In this file, instructions how to approach the challenge can be found.

We are going to work on different types of Machine Learning problems:

- **Regression Problem**: The goal is to predict delay of flights.
- **(Stretch) Multiclass Classification**: If the plane was delayed, we will predict what type of delay it is (will be).
- **(Stretch) Binary Classification**: The goal is to predict if the flight will be cancelled.

## Main Task: Regression Problem

The target variable is **ARR_DELAY**. We need to be careful which columns to use and which don't. For example, DEP_DELAY is going to be the perfect predictor, but we can't use it because in real-life scenario, we want to predict the delay before the flight takes of --> We can use average delay from earlier days but not the one from the actual flight we predict.  

For example, variables **CARRIER_DELAY, WEATHER_DELAY, NAS_DELAY, SECURITY_DELAY, LATE_AIRCRAFT_DELAY** shouldn't be used directly as predictors as well. However, we can create various transformations from earlier values.

We will be evaluating your models by predicting the ARR_DELAY for all flights **1 week in advance**.

### Feature Engineering

Feature engineering will play a crucial role in this problems. We have only very little attributes so we need to create some features that will have some predictive power.

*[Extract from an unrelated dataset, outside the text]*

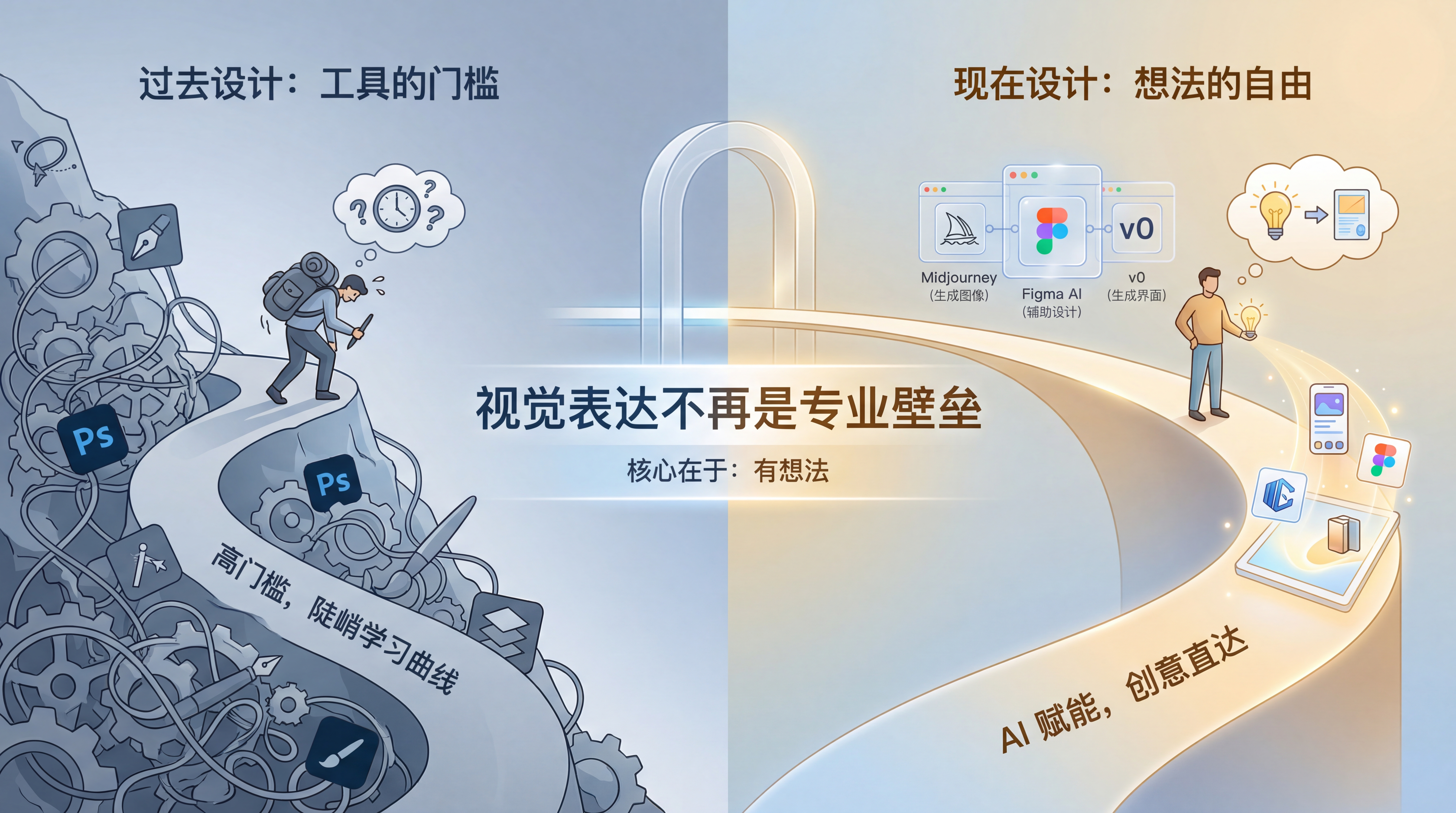 Photoshop 的学习曲线曾经劝退无数人。现在,Midjourney、NanobananaPro 生成图像,Figma AI 辅助设计,v0 直接生成前端界面。

- weather: we can use some weather API to look for the weather in time of the scheduled departure and scheduled arrival.
- statistics (avg, mean, median, std, min, max...): we can take a look at previous delays and compute descriptive statistics
- airports encoding: we need to think about what to do with the airports and other categorical variables
- time of the day: the delay probably depends on the airport traffic which varies during the day.
- airport traffic
- unsupervised learning as feature engineering?
- **what are the additional options?**: Think about what we could do more to improve the model.

In [None]:
import pandas as pd
import numpy as np

import matplotlib.pyplot as plt
import seaborn as sns

In [None]:
def load_data_set(path= './data', file= 'flights.csv', test=False):
    '''
    Load Train or Test data add new features from database. 

    Parameters
    ----------
    Path : str, Location of source file. Ex. './data'.
    
    file : str, Name of file, include extension .
        Target vector relative to X.
    
    test: boolean, default=False
        True loads test. False loads train data.
           
    Returns
    -------
    X : pandas DataFrame
        DataFrame containing training or test data. 
    
    y : pandas Series (Only for training data)
        If test = False it returns a target variable in pandas Series.
    '''
    # Load Train or Test csv
    X = pd.read_csv(f'{path}/{file}')
    if test:
        return X
    else:
    # Take target variable out of flights data set
        y = X['arr_delay']
        X = X.drop('arr_delay', axis=1)
        return X, y

In [None]:
def load_agg_data(X, path= './data', test=False):
    '''
    Add aggregated variables as new features to Train or Test data set. 

    Parameters
    ----------
    X : pandas DataFrame
        Test or Train dataset.
    
    Path : str, Location of source file. Ex. './data'.
        Location of files to read and load.

    
    test: boolean, default=False
        True loads test. False loads train data.
           
    Returns
    -------
    X : pandas DataFrame
        Pandas DataFrame containing Train or Test data and additional features. 

    '''

    # Load flights aggregate data
    flight_delay_aggregate_mth = pd.read_csv('./data/flight_delay_aggregate_monthly.csv')
    flight_delay_aggregate_dow = pd.read_csv('./data/flight_delay_aggregate_day_of_week.csv')
    flight_delay_aggregate_arrive_hour= pd.read_csv('./data/flight_delay_aggregate_arrive_hour.csv')
    flight_airport_traffic = pd.read_csv('./data/flight_airport_traffic.csv')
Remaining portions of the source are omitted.